PROVIDED DATA Block Start

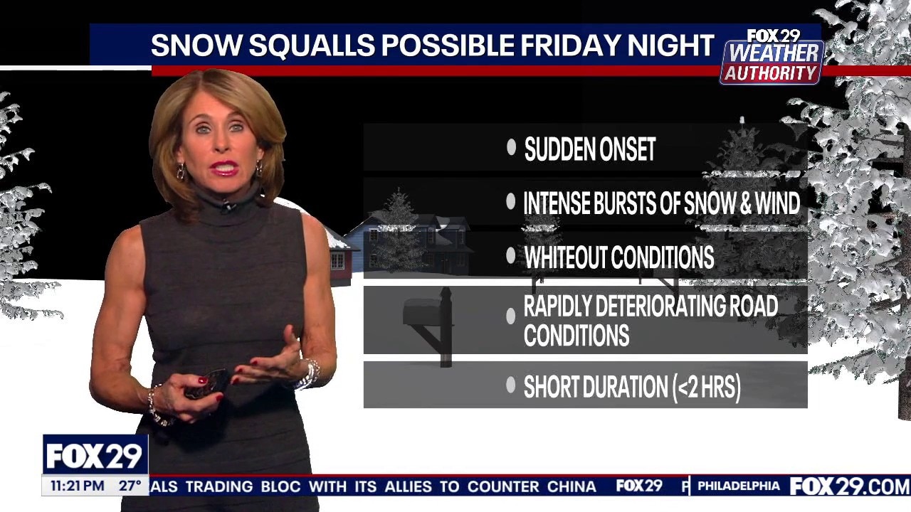 FOX 29 Meteorologist Kathy Orr breaks down the possible snow squalls to expect this week.
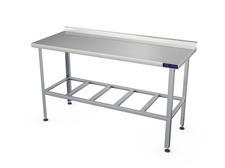 800х600х870мм, нагрузка на столешницу 72кг, 1 борт, столешница нерж. сталь AISI430 0,8мм, подложка столешницы ДСП 16мм, каркас оцинк. сталь 1,2мм, уголок 40х40мм. Полка-решетка из оцинк. стали. Регулируемые ножки 20мм. Вес 15,2кг. Столешница изготовлена из легированной стали. Она укреплена с внутренней стороны листом древесно-стружечной плиты, что увеличивает прочность и исключает прогиб столешницы. Стойки стола выполнены в виде уголка. Стол имеет полку-решётку. Ножки имеют пластиковую опорную часть и регулируются по высоте. Изделие разборное и поставляется в удобной упаковке, что облегчает транспортировку и хранение.
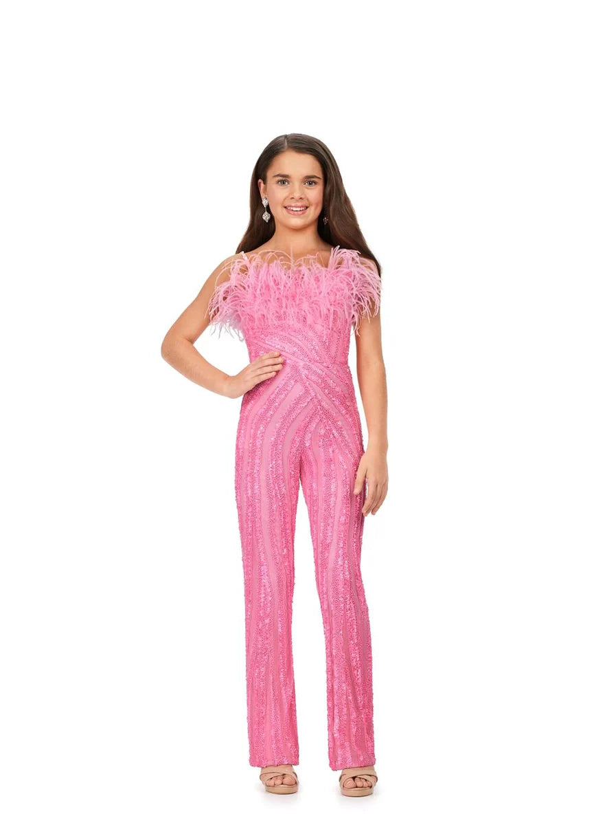 Sparkle in this fabulous sequin jumpsuit! With the intricate bead pattern and pop of feathers along the neckline, this jumpsuit will own the runway!
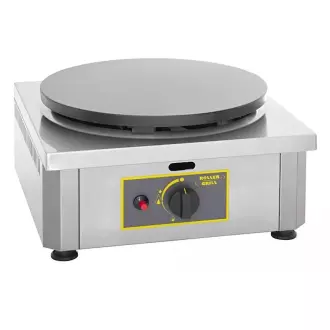 Palačinkovač ROLLER GRILL CSG 400 je určen pro profesionální použití v gastronomii – ideální pro provozovny nabízející palačinky, food trucky, hotelové bufety nebo při venkovních akcích. Hladký povrch desky minimalizuje riziko připalování těsta, takže příprava jak tenkých francouzských crêpes, tak i silnějších bramborových placek je snadná a rychlá. Zařízení má stabilní konstrukci, odolný kryt a intuitivní ovládací panel. V sadě je praktická pomůcka na roztírání těsta, což výrazně usnadňuje práci a umožňuje dosáhnout dokonale rovného povrchu palačinek.

PROVIDED DATA Block End

_PROBLEM REQUIREMENTS_: All that belongs in the answer is the exact run of lines from the line containing "Sparkle in this" to the end of the listing above, pictures removed.

_TASK SOLUTION_:
 Sparkle in this fabulous sequin jumpsuit! With the intricate bead pattern and pop of feathers along the neckline, this jumpsuit will own the runway!
 Palačinkovač ROLLER GRILL CSG 400 je určen pro profesionální použití v gastronomii – ideální pro provozovny nabízející palačinky, food trucky, hotelové bufety nebo při venkovních akcích. Hladký povrch desky minimalizuje riziko připalování těsta, takže příprava jak tenkých francouzských crêpes, tak i silnějších bramborových placek je snadná a rychlá. Zařízení má stabilní konstrukci, odolný kryt a intuitivní ovládací panel. V sadě je praktická pomůcka na roztírání těsta, což výrazně usnadňuje práci a umožňuje dosáhnout dokonale rovného povrchu palačinek.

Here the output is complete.